Sam Charters Passes
American music historian, author and musician Samuel Charters passed away on March 18th. Known for his field recordings of influential blues musicians, many of the works Charters uncovered went on to inspire and shape much of today’s musical landscape.
Born in Pittsburgh, Pennsylvania, in 1929, Charters developed a connection with jazz and blues music early on. He grew up playing and listening to a wide array of music from a multitude of genres and sources, including classical and jazz, moving to Sacramento, California, as a teen, eventually serving in the Korean War.

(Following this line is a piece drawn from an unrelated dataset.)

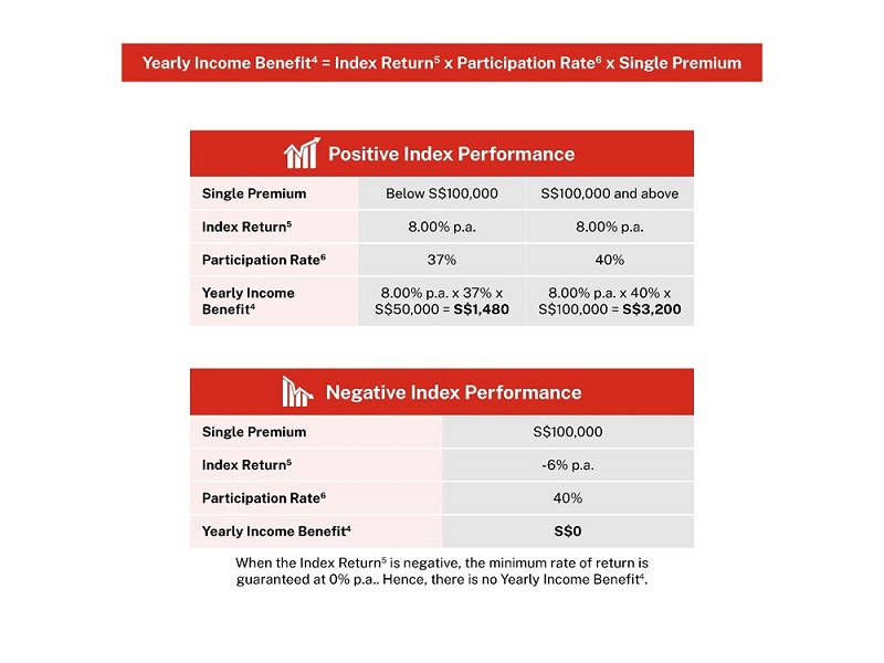 Positive index returns are uncapped and the minimum rate of return is guaranteed at 0% p.a. to protect your policy from poor market performance. The Participation Rate is determined at the start of the segment. Should the rate of return is determined to be at the minimum of 0%p.a., no Yearly Income Benefit will be payable. The rate of return is calculated based on the Index Return and the Participation Rate for the segment.
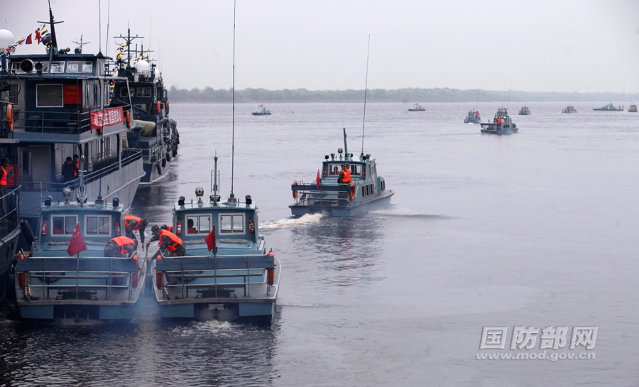 黑龙江省军区某边防巡逻艇大队百余艘船艇编队正式下水试航

In his early adult life, Charters immersed himself in jazz, learning to play various instruments including banjo and jug. Along with his studies of American blues, he realized that Black music in America was part of a larger-spanning tradition of Black culture, that was being widely ignored by music academics of the time. He moved to New Orleans, Louisiana, at age 21 and began to collecting and recording music, with the intention of introducing the songs and poetry to the masses.
The House Un-American Activities Committee censored Charters in 1952, effectively ending his long-held political ambitions, forcing him to focus himself entirely on collecting black music from around the country and beyond. He moved to San Antonio, Texas, after wishing to discover more about blues legend Robert Johnson. In the process he began his foray into compiling field recordings for record labels such as Folkways and Vanguard, which led to a major growth in popularity for blues musicians such as Lightnin’ Hopkins, Sleepy John Estes, Bukka White and Bahamian artist Joseph Spence.

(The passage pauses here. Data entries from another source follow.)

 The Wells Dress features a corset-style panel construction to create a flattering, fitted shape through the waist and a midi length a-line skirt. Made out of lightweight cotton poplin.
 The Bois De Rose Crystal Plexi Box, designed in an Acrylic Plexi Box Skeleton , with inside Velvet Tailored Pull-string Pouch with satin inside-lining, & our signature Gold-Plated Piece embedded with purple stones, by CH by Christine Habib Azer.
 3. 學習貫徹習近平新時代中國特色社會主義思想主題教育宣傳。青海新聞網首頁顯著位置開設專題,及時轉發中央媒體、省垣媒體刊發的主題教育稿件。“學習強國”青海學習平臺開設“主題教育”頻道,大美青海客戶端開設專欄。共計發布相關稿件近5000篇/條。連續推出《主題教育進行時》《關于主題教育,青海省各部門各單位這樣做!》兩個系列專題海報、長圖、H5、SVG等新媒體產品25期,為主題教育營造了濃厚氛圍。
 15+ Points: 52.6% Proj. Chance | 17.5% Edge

Compiling years’-worth of recordings and studies, he published The Country Blues, his first book, which is also notable for his glamorizing of the field-recorder’s lifestyle. It helped ignite the folk music revival of the ’60s, and caught the eye of a burgeoning Bob Dylan. The book was inducted into the Blues Hall of Fame in 1991, and is considered a quintessential piece of American literature.

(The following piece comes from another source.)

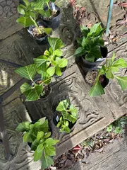 挿しめ、4種類、購入苗ひとつ、計8ポットの植え込み 6月に気に入ったこ、4種類の挿しめがすべて根付きましたし、新しく真っ赤になら紫陽花を予約購入しておいたものが届きましたので、今から、植える条件に合った場所を探して植え込みします。来年の6月に綺麗な花を咲かせてくれるように、思い浮かべてがんばりますね。

For years he continued his field recording work, but also had successful ventures helping produce albums by the 1960s folk-rock group Country Joe and the Fish as well as New York City folk artist Dave Van Ronk. He married writer, editor and pianist Ann Charters and began to write more books, including Jazz: A History of the New York Scene, The Poetry of the Blues, Jazz New Orleans and several more, to wide acclaim. In the ’70s, he moved his family to Sweden, and became an official citizen of the country. He continued to write about Blues and Jazz music for the remainder of his life.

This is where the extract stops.